It was the design that made Gerald Genta's career and remains, without question, the most celebrated collection in Audemars Piguet's near 145-year long history.
In 1993, the Royal Oak line expanded to include the Offshore Chronograph, which drove the bulk of sales for AP in the past few decades. Debatably, the Offshore is responsible for carrying AP into the 21st century and ushering it into the powerhouse position in which it exists today.
Housed in a substantial 42mm stainless steel case with a non-luminous white mega-tappisserie dial, this particular Offshore ref. 26470ST is an immediate attention-grabber: Oversized Arabic indices combined with a matching handset, a tri-register chronograph layout and black printing all come together to give a look at once tactical and fashionable. Complementing the industrial vibe is the signature octagonal Royal Oak screwed bezel, plus an inner tachymeter scale and matching black crown and pushers.

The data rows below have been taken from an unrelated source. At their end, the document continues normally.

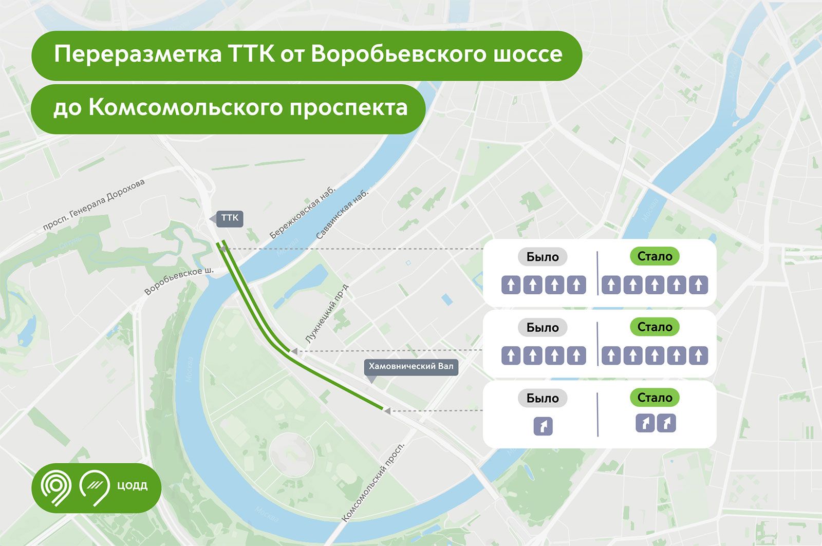 Теперь движение по пяти полосам вместо четырех организовано на двухкилометровом участке внешней стороны ТТК (от выезда с Воробьевского шоссе до съезда на Комсомольский проспект) и на участке длиной один километр по внутренней стороне (от выезда с улицы Хамовнический Вал до съезда на Бережковскую набережную и проспект Генерала Дорохова). На съезде с магистрали на Комсомольский проспект водителям доступны две полосы для движения вместо одной.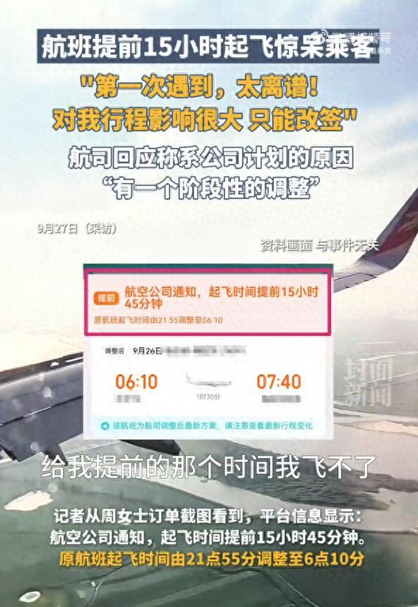 周女士最近遇到了一件让她意想不到的事情。她原本计划乘坐龙江航空的一趟航班,结果这趟航班提前了15个小时起飞。由于这个突然的变化,周女士不得不改签其他航班。
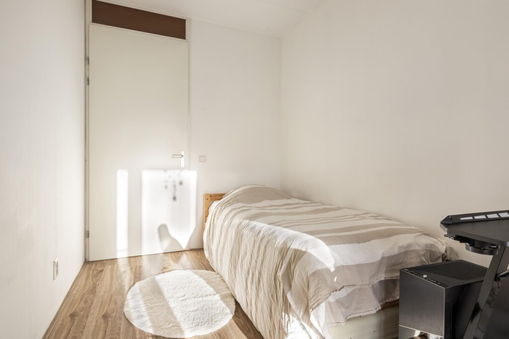 Vanuit de woonkamer loop je door naar de grote slaapkamer, een serene ruimte met veel licht en directe toegang tot het balkon. Met voldoende ruimte voor een royaal bed en kledingkast is dit een comfortabele plek om tot rust te komen. De tweede, kleinere slaapkamer, eveneens met toegang tot het balkon, is ideaal als werkruimte, logeerkamer of kinderkamer. De grote ramen en balkondeur zorgen hier voor een prettige, lichte sfeer.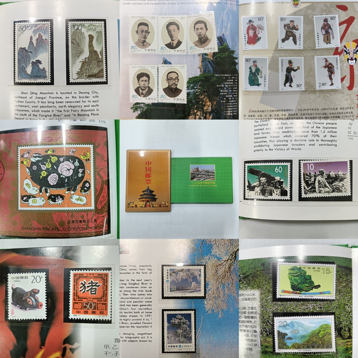 - 【W0222】1995 2001 2冊 約200枚ぐらい 中国切手 パンダ 風俗 文化 文学 風景 運動会 記念切手 海外切手 外国切手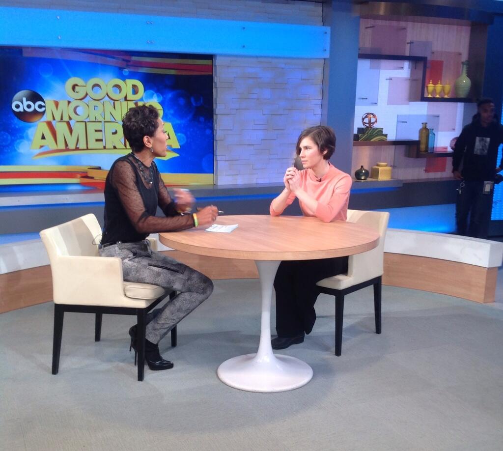 Photo: Amanda Knox speaks to Robin Roberts off-camera after her interview on 'Good Morning America' - @GMA - breakingnews.com http://www.breakingnews.com/item/2014/01/31/photo-amanda-knox-speaks-to-robin-roberts-off-cam/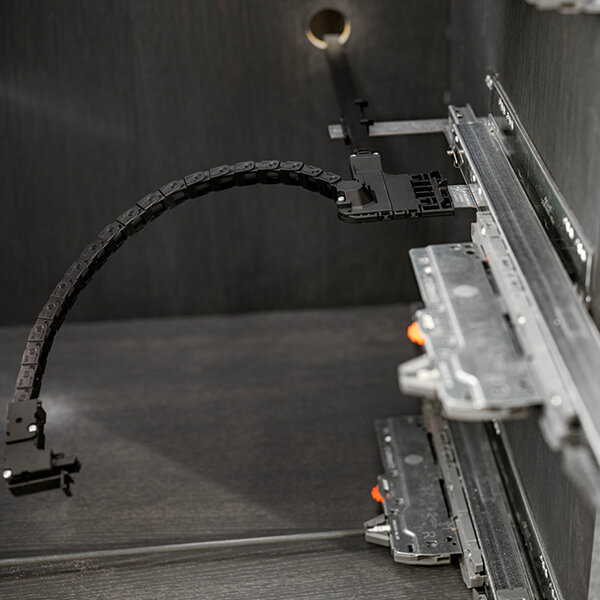 Voor het installeren van de kabelgeleider is geen gereedschap nodig, u sluit hem gewoon aan met de TIP-ON BLUMOTION eenheid.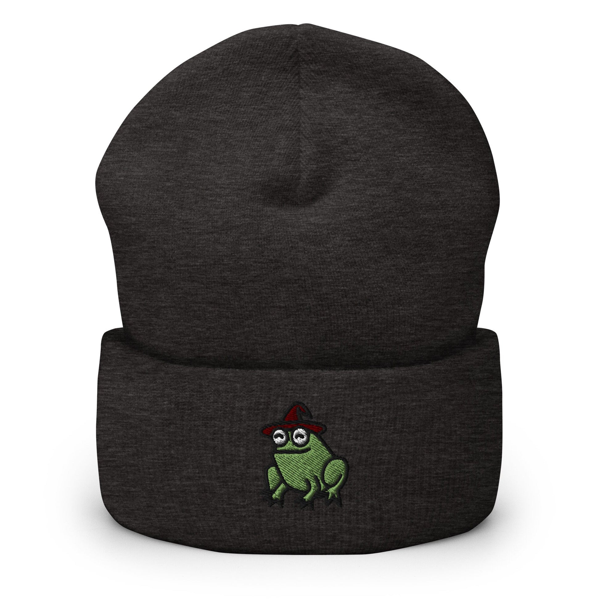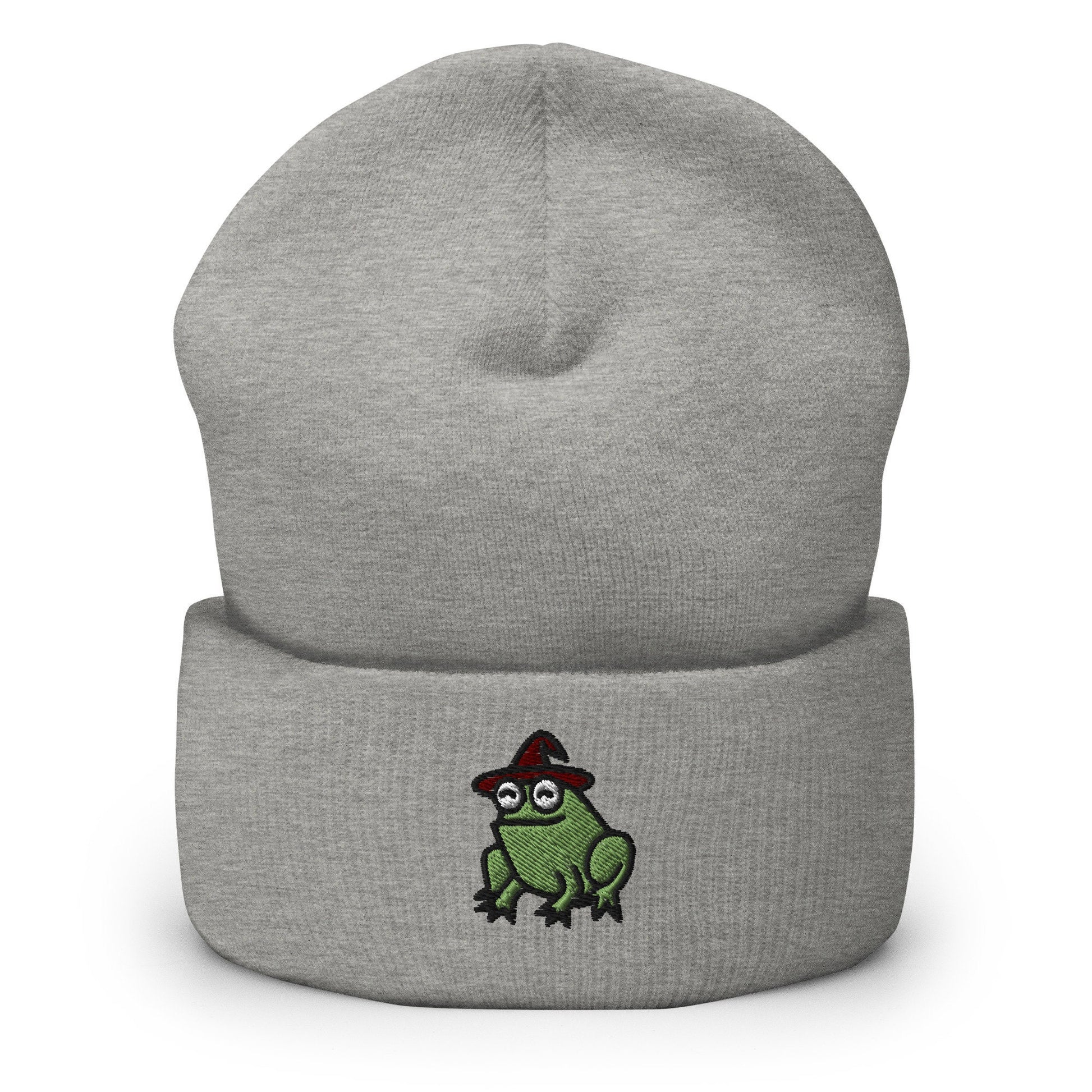 Magical Wizard Toad, Wizard Frog Embroidered Beanie, Handmade Cuffed Knit Unisex Slouchy Adult Winter Hat Cap Gift
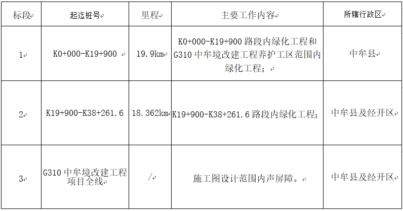 G310中牟境改建工程項(xiàng)目起點(diǎn)位于中牟縣小李莊現(xiàn)狀G310中牟、開封交界處(對應(yīng)原路樁號(hào):K552+333),接G310開封境改建項(xiàng)目終點(diǎn)。路線全長38.262公里。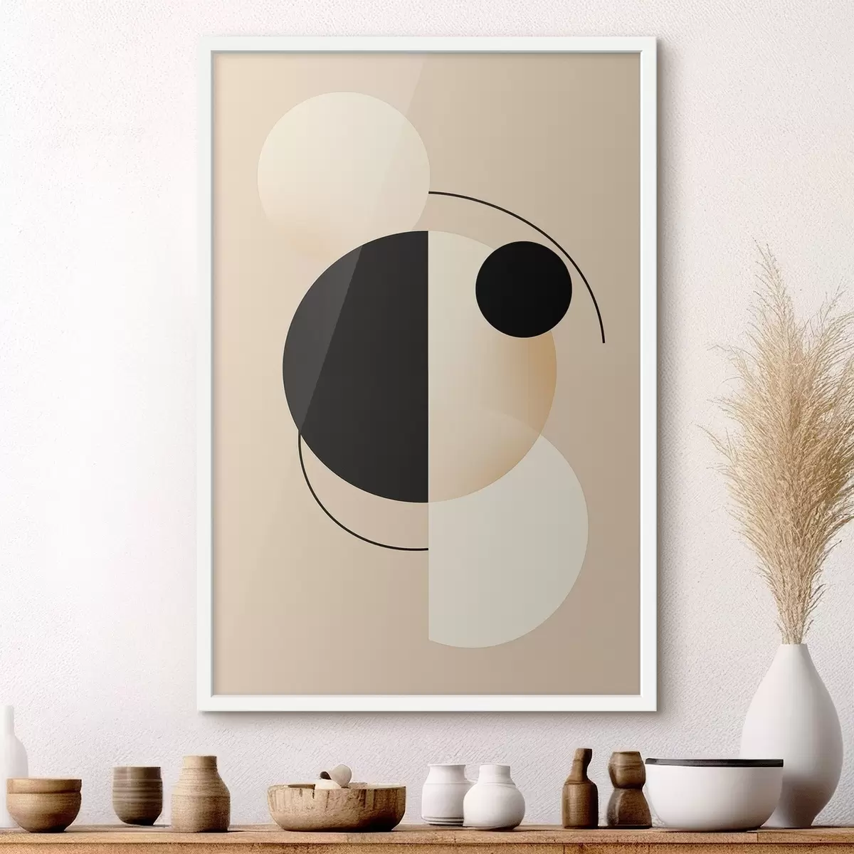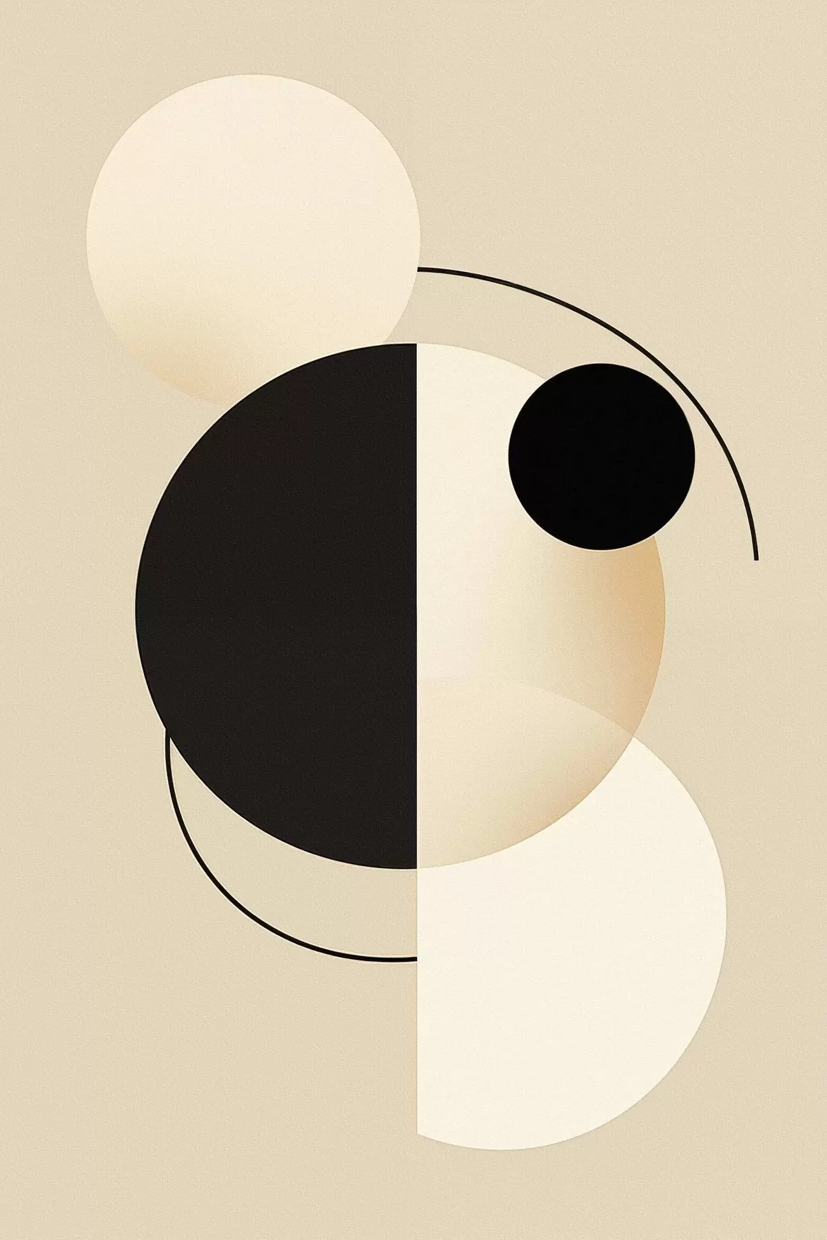 Poster Grafische cirkels en bogen in zacht beige en zwart N° f46497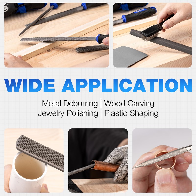 - Wide Applications Across Materials: Master metal deburring, wood carving, plastic shaping, and jewelry polishing effortlessly. Steel files dominate soft materials, while diamond files cut glass/ceramics/stone. Includes specialized wood rasp and 4-way riffler file for niche tasks.

A sapphire crystal and integrated brown leather strap with hidden, signed deployant clasp complete the picture of one of the coolest timepieces AP has ever released — and this is to say nothing of the in-house automatic Calibre 3126/3840 ticking away within, providing 50 hours of power reserve.
In untouched condition throughout and showing only normal wear, this Offshore from the 2010s includes its instruction booklet, warranty authentication and registration certificate booklet, and serialized hangtag.
If you aren’t afraid of chrono with character, then this is the watch for you!